* Required work *
From the first line of the material through the line that holds "工程亮点或工程难点:主塔为独", repeat each line exactly and skip any picture.

☆ ☆ ☆ ☆

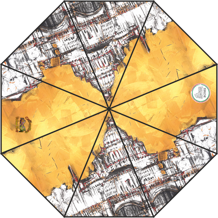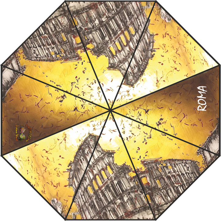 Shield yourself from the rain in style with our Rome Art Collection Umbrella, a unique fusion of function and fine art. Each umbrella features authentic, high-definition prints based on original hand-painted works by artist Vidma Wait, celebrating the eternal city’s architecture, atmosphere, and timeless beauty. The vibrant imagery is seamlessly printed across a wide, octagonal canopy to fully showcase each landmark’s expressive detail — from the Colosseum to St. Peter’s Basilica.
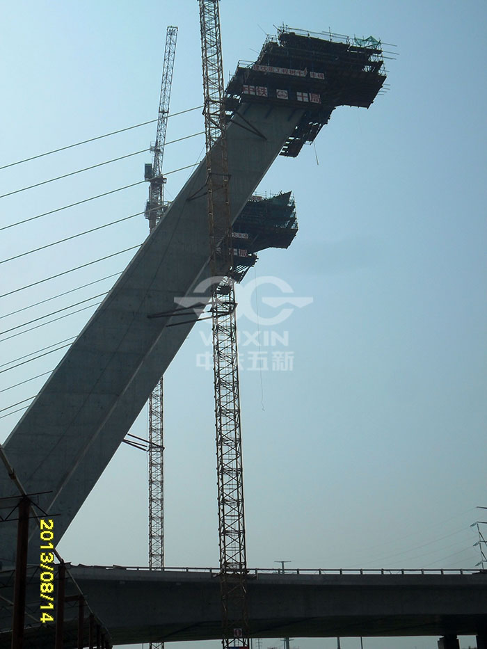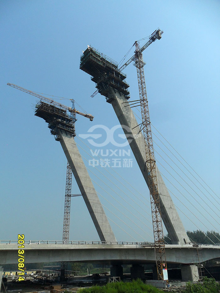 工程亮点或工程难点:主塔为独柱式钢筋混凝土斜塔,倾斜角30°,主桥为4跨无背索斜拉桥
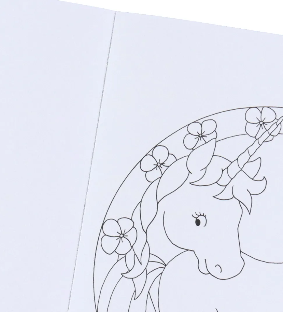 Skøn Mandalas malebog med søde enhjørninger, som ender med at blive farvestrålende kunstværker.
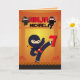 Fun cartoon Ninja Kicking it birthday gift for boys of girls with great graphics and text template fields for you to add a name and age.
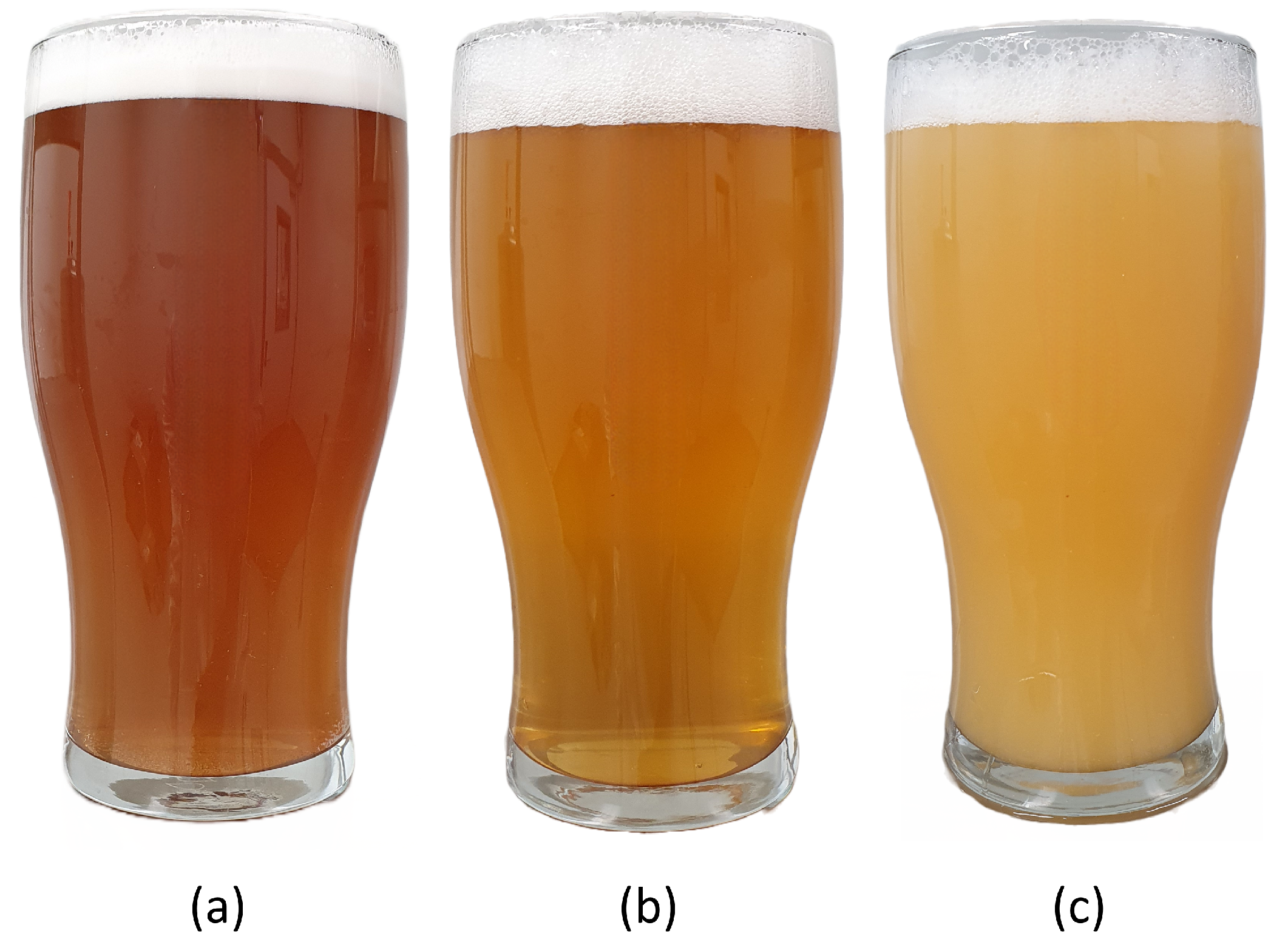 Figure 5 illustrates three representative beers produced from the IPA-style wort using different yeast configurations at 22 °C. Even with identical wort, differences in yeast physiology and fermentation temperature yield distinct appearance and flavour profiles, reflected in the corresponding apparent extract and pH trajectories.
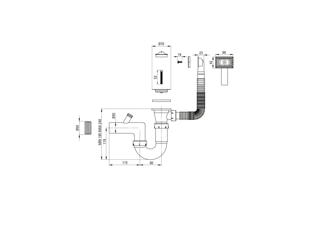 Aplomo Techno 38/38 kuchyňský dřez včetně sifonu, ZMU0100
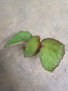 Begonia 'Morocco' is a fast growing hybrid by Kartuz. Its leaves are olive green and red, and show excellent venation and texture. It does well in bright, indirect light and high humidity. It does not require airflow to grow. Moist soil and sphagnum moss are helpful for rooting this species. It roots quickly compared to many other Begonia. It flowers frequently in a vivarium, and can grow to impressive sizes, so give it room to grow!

☆ ☆ ☆ ☆

* Problem solution *
 Shield yourself from the rain in style with our Rome Art Collection Umbrella, a unique fusion of function and fine art. Each umbrella features authentic, high-definition prints based on original hand-painted works by artist Vidma Wait, celebrating the eternal city’s architecture, atmosphere, and timeless beauty. The vibrant imagery is seamlessly printed across a wide, octagonal canopy to fully showcase each landmark’s expressive detail — from the Colosseum to St. Peter’s Basilica.
 工程亮点或工程难点:主塔为独柱式钢筋混凝土斜塔,倾斜角30°,主桥为4跨无背索斜拉桥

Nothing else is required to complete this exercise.